Justice Dept. seeks to halt tax practices of Chicago attorney

By Ameet Sachdev
Posted Nov. 3, 2010 at 3:56 p.m.

The U.S. government has sued a Chicago lawyer, who was a partner at Seyfarth Shaw, to stop him from peddling allegedly sham tax shelters involving Brazilian consumer debt.

The Justice Department said Wednesday that since at least 2003 John E. Rogers has devised illegal tax schemes for more than 100 customers who have claimed more than $370 million in improper tax deductions.

Rogers, 69, worked at Seyfarth Shaw from mid-2003 until his forced resignation in May 2008, according to the complaint filed Tuesday in Chicago federal court. Prior to that, he spent about five years at another Chicago law firm, Altheimer & Gray, which went bankrupt in 2003. From 1970 through 1991, he was a senior partner at Arthur Andersen.
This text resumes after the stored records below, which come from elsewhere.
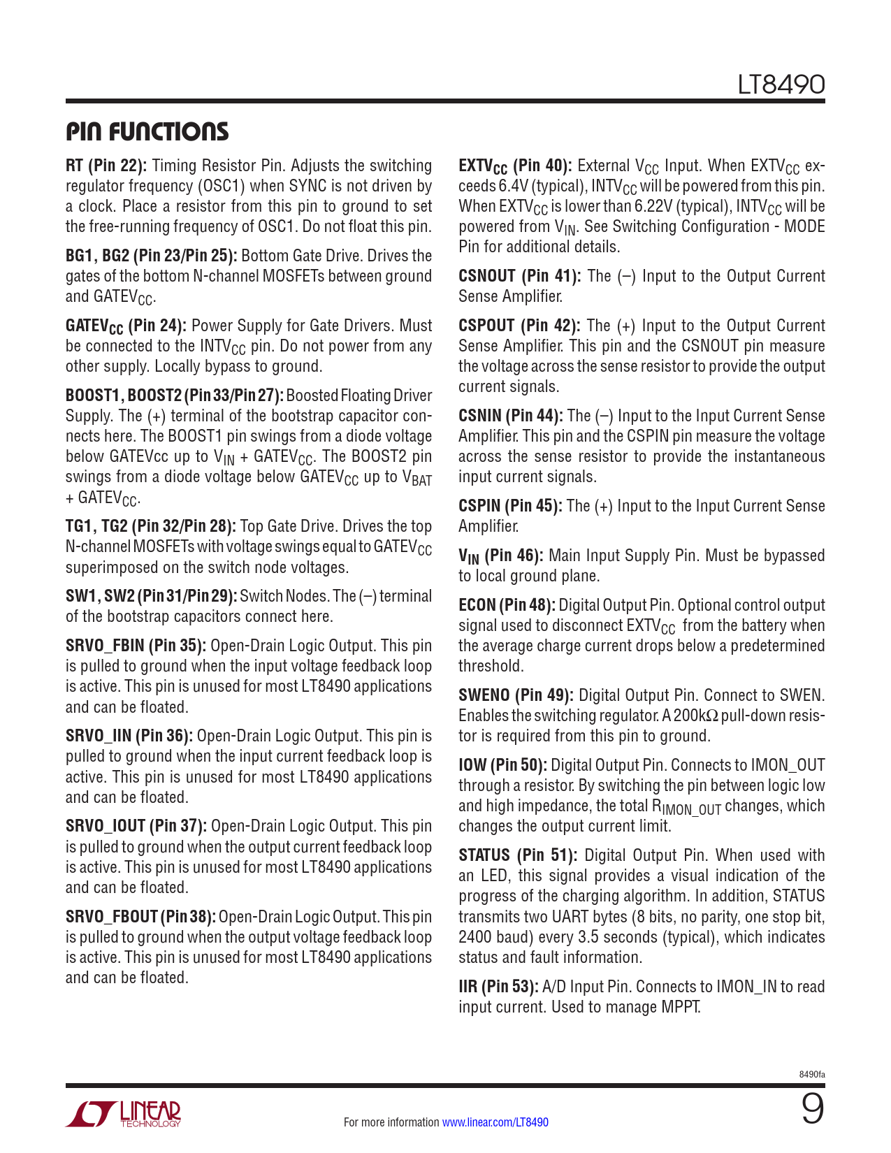 pin FuncTions RT (Pin 22):. EXTVCC (Pin 40):. BG1, BG2 (Pin 23/Pin 25):. CSNOUT (Pin 41):. GATEVCC (Pin 24):. CSPOUT (Pin 42):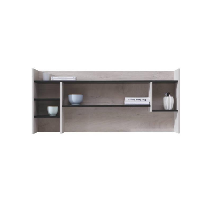 The Meblar Planet PL11 wall shelf is a striking addition that enhances any interior with a contemporary look and geometric character. Crafted from durable furniture board in an oak finish with black accents, it serves as a refined decorative element in modern spaces. Measuring 55 cm in height, 125 cm in width, and 24 cm in depth, it fits perfectly into both spacious and compact rooms.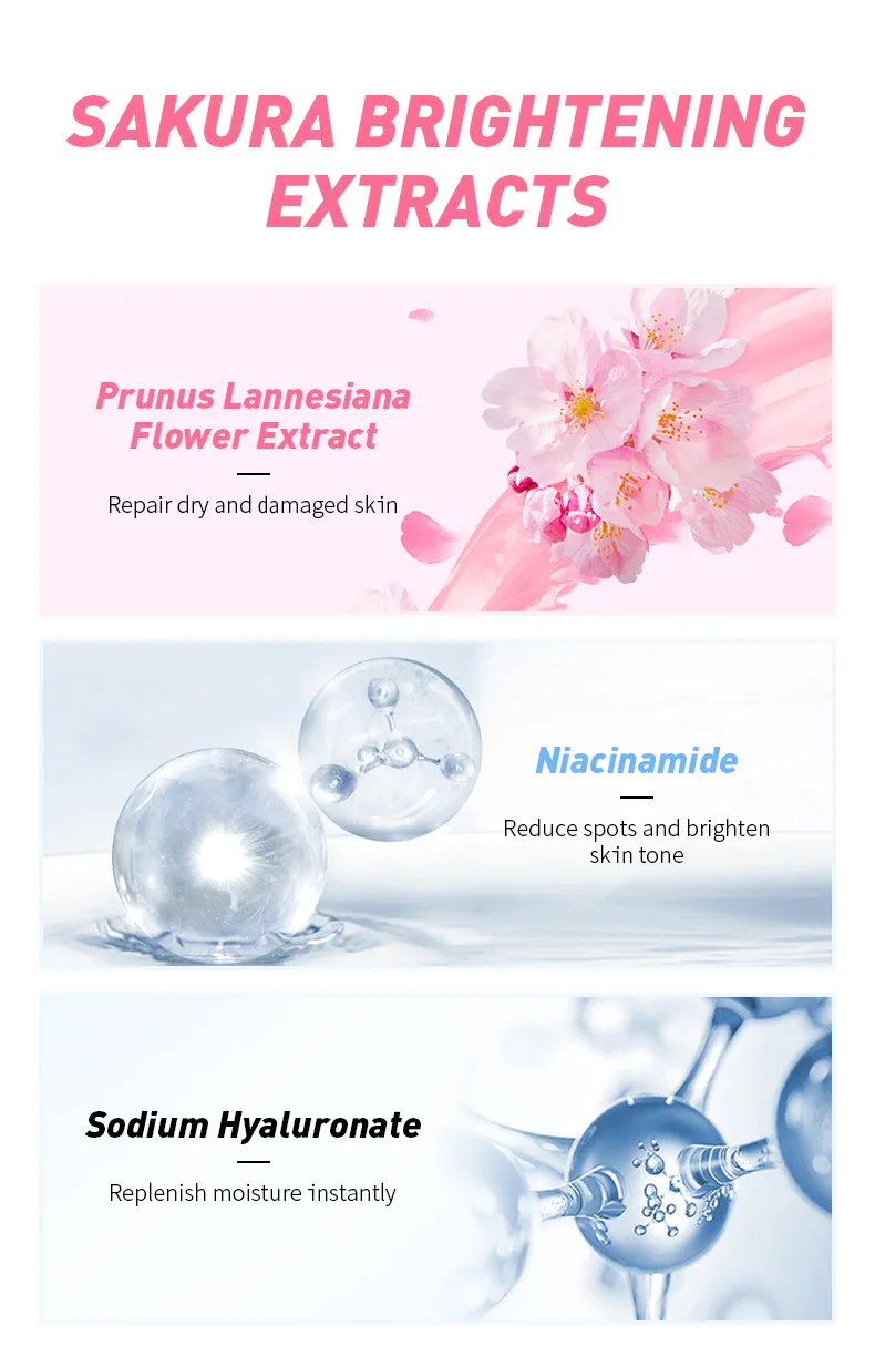 প্রকার: সাকুরা আই ক্রিম 15 গ্রাম সাকুরা সিরাম 17 মিলি সাকুরা ক্রিম 25 গ্রাম সাকুরা ক্লিঞ্জার 50 গ্রাম সাকুরা টোনার 100 মিলি সাকুরা সান ক্রিম এসপিএফ 50 বৈশিষ্ট্য এটি ত্বককে উজ্জ্বল করতে পারে এবং ক্ষতিগ্রস্থ ত্বক মেরামত করতে পারে এবং ছিদ্র পরিষ্কার করতে পারে, ময়লা তৈরি করতে পারে আপনার ত্বককে পরিষ্কার এবং উজ্জ্বল করে এবং মরা ত্বককে গভীরভাবে পরিষ্কার করে কোষ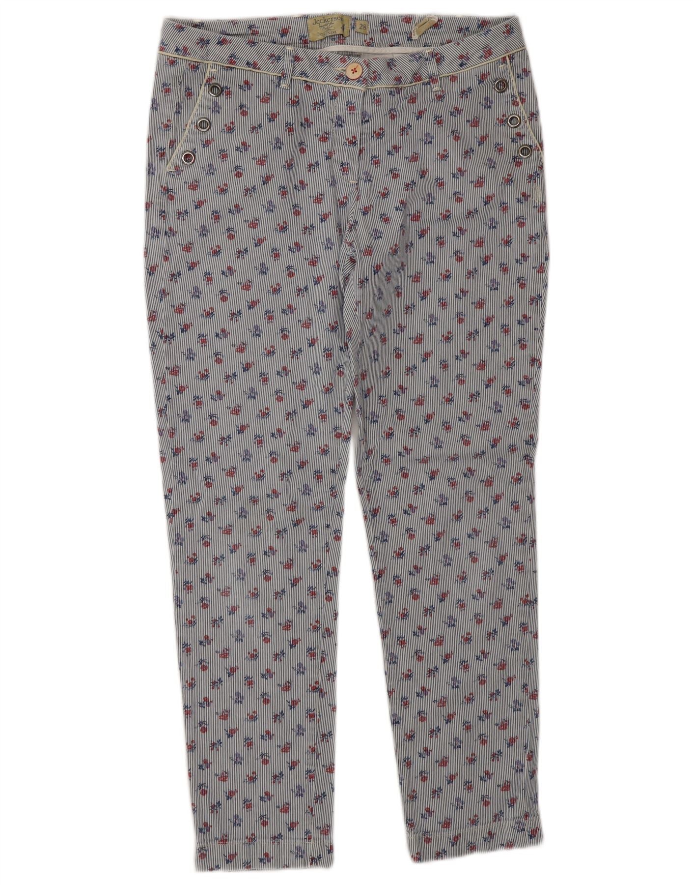 JECKERSON Womens Jade Slim Chino Trousers W28 L26 Blue Floral Cotton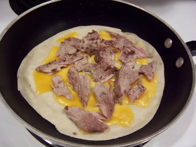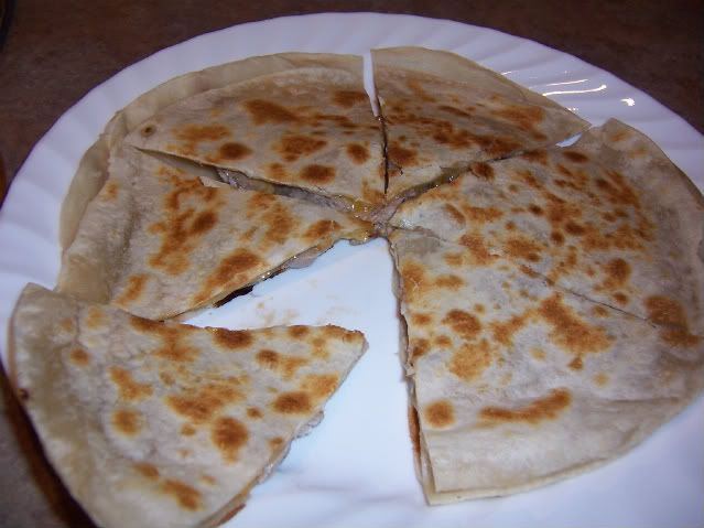 October 5, 2008 – 7:45 pmAfter a big lunch of pizza while watching football after seeing my folks off to the airport, neither one of us were feeling very hungry when dinner time rolled around. Shaun just had some snacks, and I constructed myself a quesadilla. You can really put just about anything that you want in these. I just used up some of the leftover pork tenderloin along with some Tillamook cheddar and a couple of the wonderful uncooked Tortillaland tortillas (available at Costco). If you’re using cooked tortillas, you won’t need quite as long in the skillet.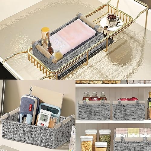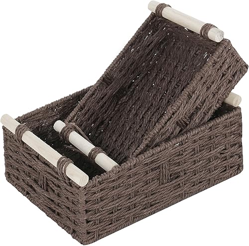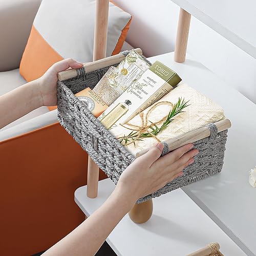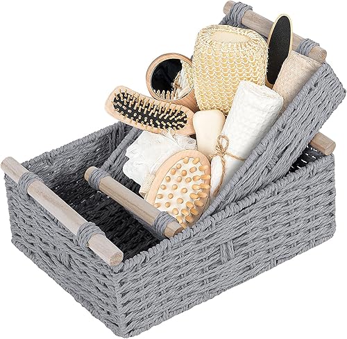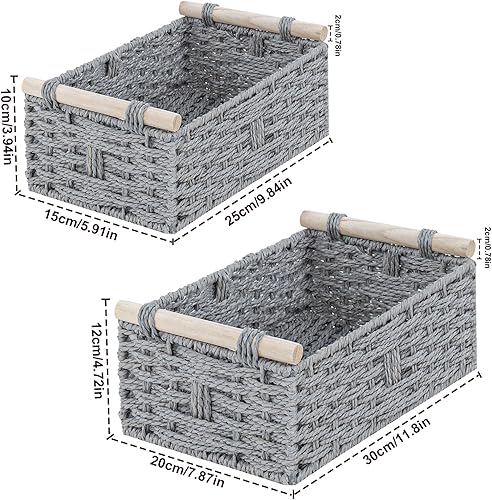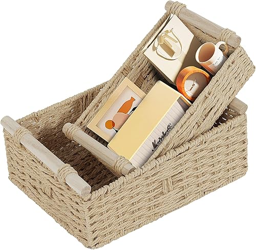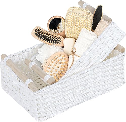 Yheenlf Boîte de Rangement, 2er Set Paniers Tressés, Petit Panier avec Poignée pour Salon, Chambre et Salle de Bain, Décor Maison, 30x20x12cm/25x15x10cm, Blanc

He is a Harvard-educated lawyer who also has an MBA from the University of Chicago.

“It is particularly disturbing when a lawyer, who is supposed to help clients comply with the law, instead helps them break it, as is alleged here,” John DiCicco, acting assistant attorney general in the DOJ’s tax division, said in a statement.

Rogers, who has his own firm called Rogers & Associates, has not returned messages left at his office. The suit also names two of Rogers’ companies, Sugarloaf Fund LLC and Jetstream Business Limited, as defendants.

A Seyfarth Shaw spokesman declined to comment.

Court records show that the Internal Revenue Service has been investigating Rogers since 2004 as part of a larger probe into transactions that generated losses claimed from writing down the value of distressed debt. The debt consisted of old consumer credit accounts that had been purchased from Brazilian retailers.

The complaint alleges that Sugarloaf bought the debt for pennies on the dollar and moved it into other entities taxed as partnerships. Rogers sold interests in the partnerships to wealthy individuals, who then claimed some or all of the face value of the debt as a loss to offset other earned income.

Congress outlawed the ploy, which the IRS calls “distressed asset debt” or DAD, shelter, in 2004. Rogers got around the ban by replacing partnerships with trusts to transfer the losses, the complaint said. DADs mutated into DATs, or distressed asset trust.

Throughout the IRS investigation, Rogers tried to conceal his tax shelter activities, the complaint said. He filed suits dozens of suits across the country seeking to stop the IRS from obtaining information about the shelters. He lost every case, the Justice Department said.

Rogers also lied about his involvement with the shelters to Seyfarth Shaw, the complaint alleges. He continued to sell the shelters after partners told him sometime in late 2005 or early 2006 to stop. When partners learned that he was concealing his business in 2008, they forced him to resign.

A Justice Department spokesman declined to comment on whether Rogers is under criminal investigation.